DATA START
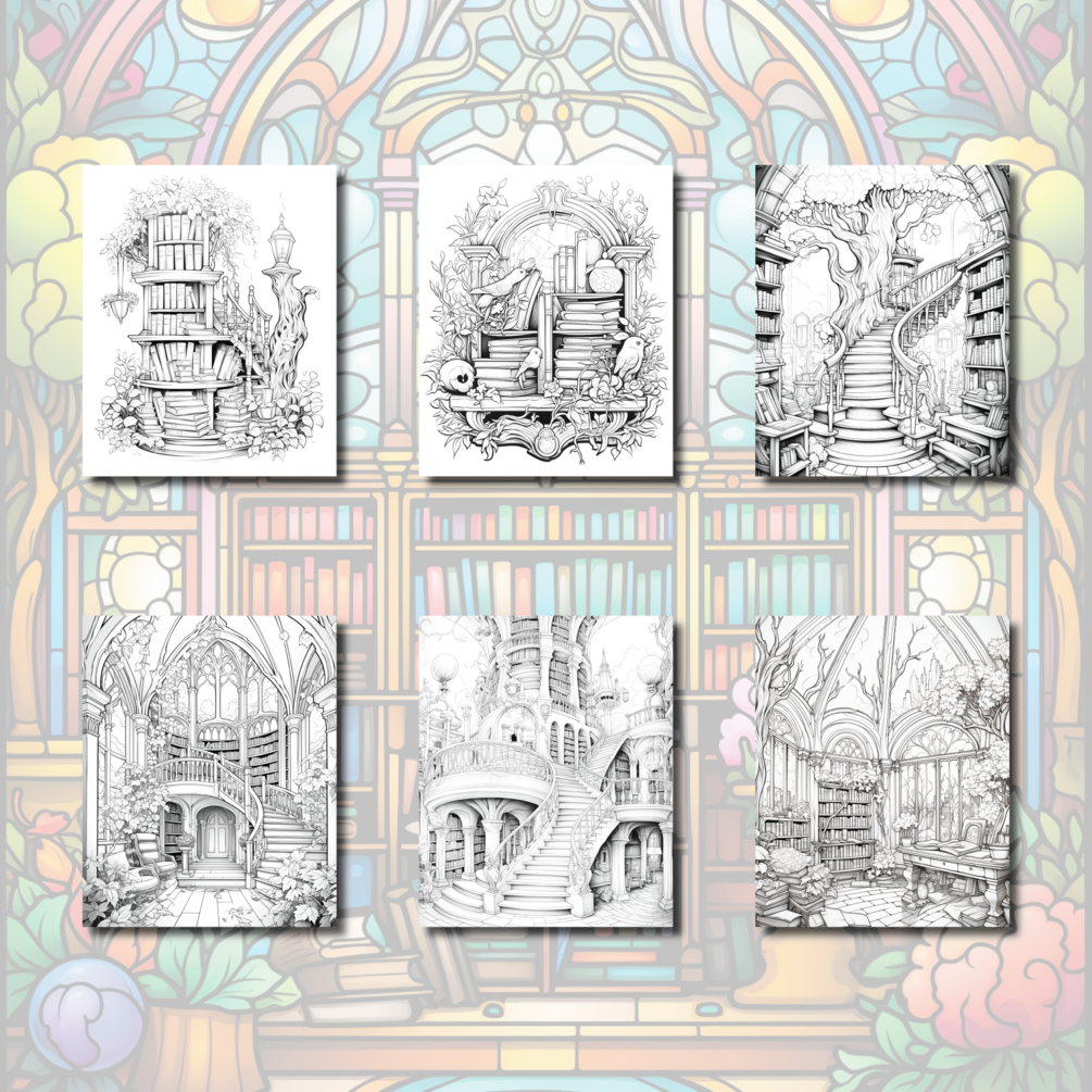 Unleash your creativity as you breathe life into these beautiful enchanted library coloring pages! Each page boasts a finely detailed greyscale image, adding depth and dimension to your coloring.
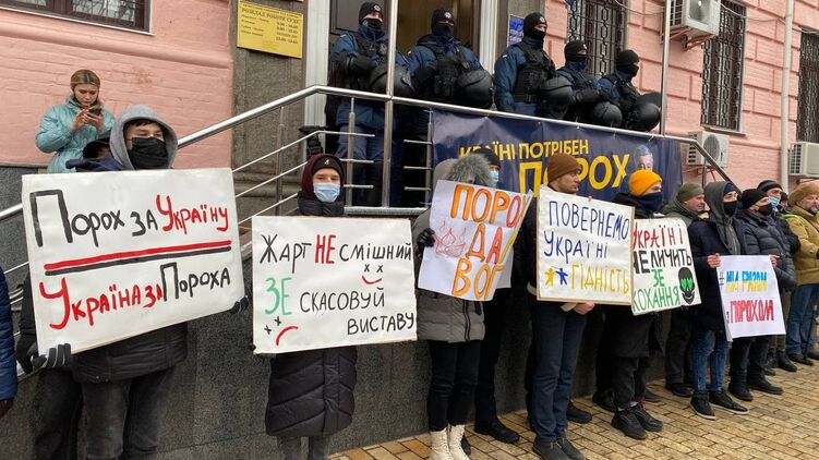 Громко играет музыка, много полиции. Ждут приезда Порошенко. Здесь сторонники экс-президента тоже покреативили с лозунгами на плакатах: "Порох - сила, Зе - могила", "Вернём клоуна в цирк", "Я с порохом".
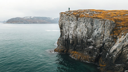 Photograph of an island in Norway, with some mountains and cliffs overlooking the sea. One person stands on top of the cliff, looking at the camera. Aerial view, panoramic shot, in the style of Unsplash photography. --ar 53:30 --v 6.1 Job ID: f0d1fbb4-8ab9-431c-903f-04862fc0b7b9
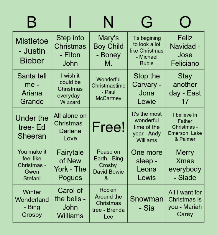 This bingo card has a free space and 51 words: Last Christmas - Wham!, All I want for Christmas is you - Mariah Carey, Merry Christmas Everyone - Shakin's Stevens, Rockin' Around the Christmas tree - Brenda Lee, Fairytale of New York - The Pogues, Underneath the tree - Kelly Clarkson, Step into Christmas - Elton John, Do they know it's Christmas? - Band Aid, Santa tell me - Ariana Grande, Driving home for Christmas - Chris Rea, I wish it could be Christmas everyday - Wizzard, T;s begining to look a lot like Christmas - Michael Buble, Merry Xmas everybody - Slade, One more sleep - Leona Lewis, Merry Christmas - Ed Sheeran & Elton John, Happy Xmas - John Lennon, Wonderful Christmastime - Paul McCartney, It's the most wonderful time of the year - Andy Williams, Jingle Bell Rock - Bobby Helms, Feliz Navidad - Jose Feliciano, All alone on Christmas - Darlene Love, Snowman - Sia, Mistletoe - Justin Bieber, Stop the Carvary - Jona Lewie, Holly Jolly Christmas - Michael Buble, Santa Claus is coming to town - Jackson 5, Stay another day - East 17, What Christmas means to me - Stevie Wonder, Winter Wonderland - Bing Crosby, Mary's Boy Child - Boney M., Run Rudolph run - Chuck Berry, Lonely this Christmas - Mud, Christmas lights - Coldplay, 2000 miles- Pretenders, Christmas time - The Darkness, Carol of the bells - John Williams, Let it snow! - Frank Sinatra, Have yourself a merry little Christmas - Frank Sinatra, Mistletoe & wine - Cliff Richard, White Christmas - Bing Crosby, I believe in Father Christmas - Emerson, Lake & Palmer, You make it feel like Christmas - Gwen Stefani, Thank God it's Christmas - Queen, Frosty the snowman - The Ronettes, Rudolph the Red-Noised reindeer - Dear Martin, The Power of Love - Frankie goes to Hollywood, Under the tree- Ed Sheeran, Blue Christmas - Elvis Presley, Please come home for Christmas - Eagles, Pease on Earth - Bing Crosby, David Bowie &... and You're Christmas to me - Sam Ryder.
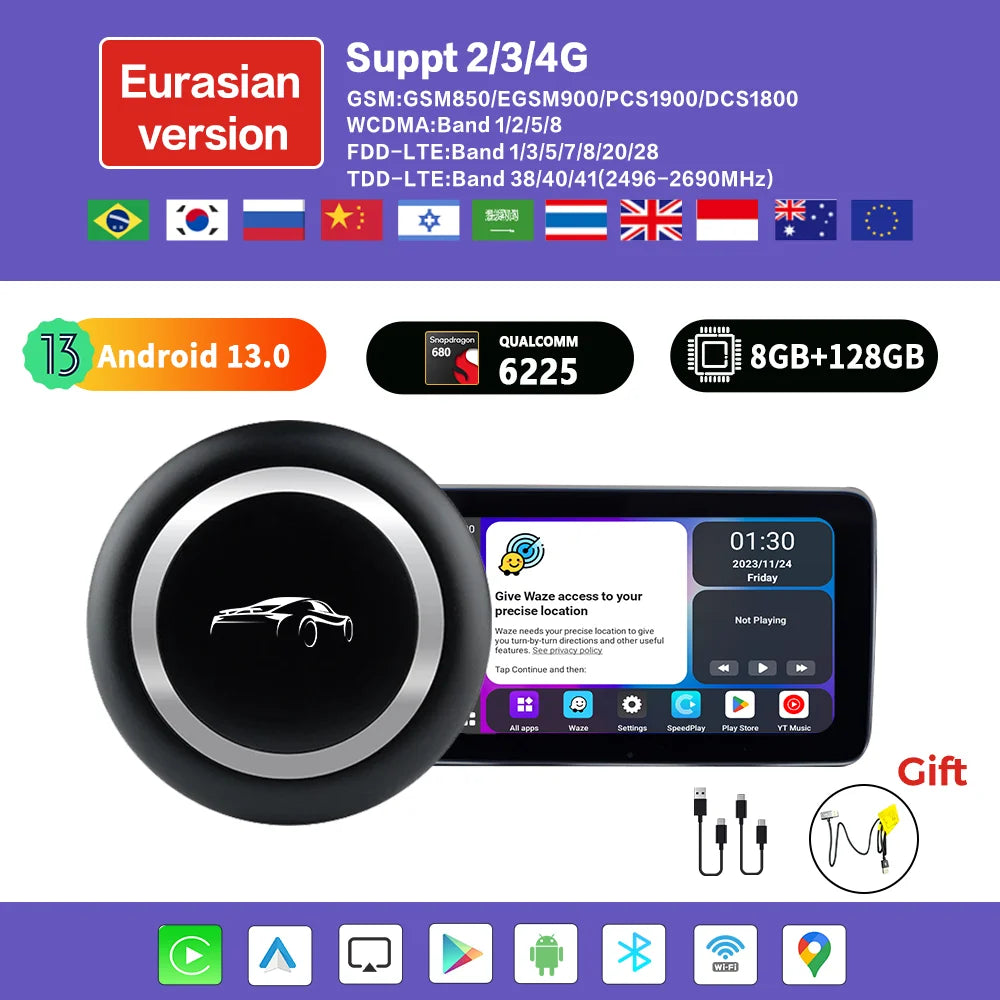 QM8 680 can transform the original car's Apple Carplay into Android 13.0 system, supports wireless CarPlay/wireless Android Auto/wireless mirroring, and supports 4G Sim card network. One product allows you to enjoy more functions
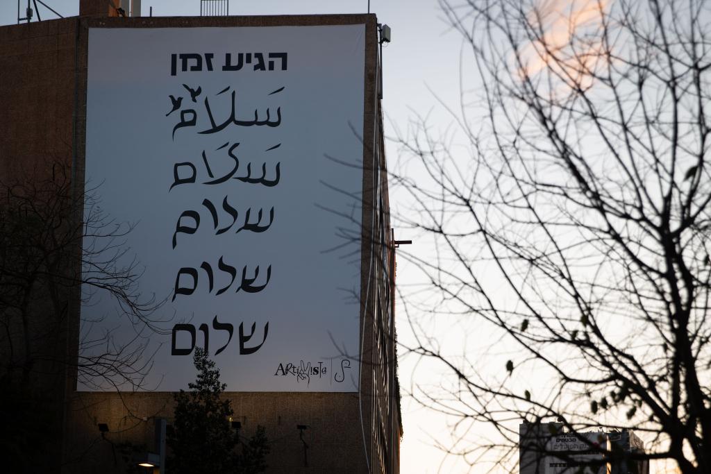 艺术家用画笔绘就从阿拉伯语“和平”到希伯来语“和平”的过渡变化,以此提醒人们共存的渴望以及彼此文化的相似。
DATA END
TASK DETAILS:
An exact copy of every line above is needed, without the images.

SOLUTION FOR THIS TASK:
 Unleash your creativity as you breathe life into these beautiful enchanted library coloring pages! Each page boasts a finely detailed greyscale image, adding depth and dimension to your coloring.
 Громко играет музыка, много полиции. Ждут приезда Порошенко. Здесь сторонники экс-президента тоже покреативили с лозунгами на плакатах: "Порох - сила, Зе - могила", "Вернём клоуна в цирк", "Я с порохом".
 Photograph of an island in Norway, with some mountains and cliffs overlooking the sea. One person stands on top of the cliff, looking at the camera. Aerial view, panoramic shot, in the style of Unsplash photography. --ar 53:30 --v 6.1 Job ID: f0d1fbb4-8ab9-431c-903f-04862fc0b7b9
 This bingo card has a free space and 51 words: Last Christmas - Wham!, All I want for Christmas is you - Mariah Carey, Merry Christmas Everyone - Shakin's Stevens, Rockin' Around the Christmas tree - Brenda Lee, Fairytale of New York - The Pogues, Underneath the tree - Kelly Clarkson, Step into Christmas - Elton John, Do they know it's Christmas? - Band Aid, Santa tell me - Ariana Grande, Driving home for Christmas - Chris Rea, I wish it could be Christmas everyday - Wizzard, T;s begining to look a lot like Christmas - Michael Buble, Merry Xmas everybody - Slade, One more sleep - Leona Lewis, Merry Christmas - Ed Sheeran & Elton John, Happy Xmas - John Lennon, Wonderful Christmastime - Paul McCartney, It's the most wonderful time of the year - Andy Williams, Jingle Bell Rock - Bobby Helms, Feliz Navidad - Jose Feliciano, All alone on Christmas - Darlene Love, Snowman - Sia, Mistletoe - Justin Bieber, Stop the Carvary - Jona Lewie, Holly Jolly Christmas - Michael Buble, Santa Claus is coming to town - Jackson 5, Stay another day - East 17, What Christmas means to me - Stevie Wonder, Winter Wonderland - Bing Crosby, Mary's Boy Child - Boney M., Run Rudolph run - Chuck Berry, Lonely this Christmas - Mud, Christmas lights - Coldplay, 2000 miles- Pretenders, Christmas time - The Darkness, Carol of the bells - John Williams, Let it snow! - Frank Sinatra, Have yourself a merry little Christmas - Frank Sinatra, Mistletoe & wine - Cliff Richard, White Christmas - Bing Crosby, I believe in Father Christmas - Emerson, Lake & Palmer, You make it feel like Christmas - Gwen Stefani, Thank God it's Christmas - Queen, Frosty the snowman - The Ronettes, Rudolph the Red-Noised reindeer - Dear Martin, The Power of Love - Frankie goes to Hollywood, Under the tree- Ed Sheeran, Blue Christmas - Elvis Presley, Please come home for Christmas - Eagles, Pease on Earth - Bing Crosby, David Bowie &... and You're Christmas to me - Sam Ryder.
 QM8 680 can transform the original car's Apple Carplay into Android 13.0 system, supports wireless CarPlay/wireless Android Auto/wireless mirroring, and supports 4G Sim card network. One product allows you to enjoy more functions
 艺术家用画笔绘就从阿拉伯语“和平”到希伯来语“和平”的过渡变化,以此提醒人们共存的渴望以及彼此文化的相似。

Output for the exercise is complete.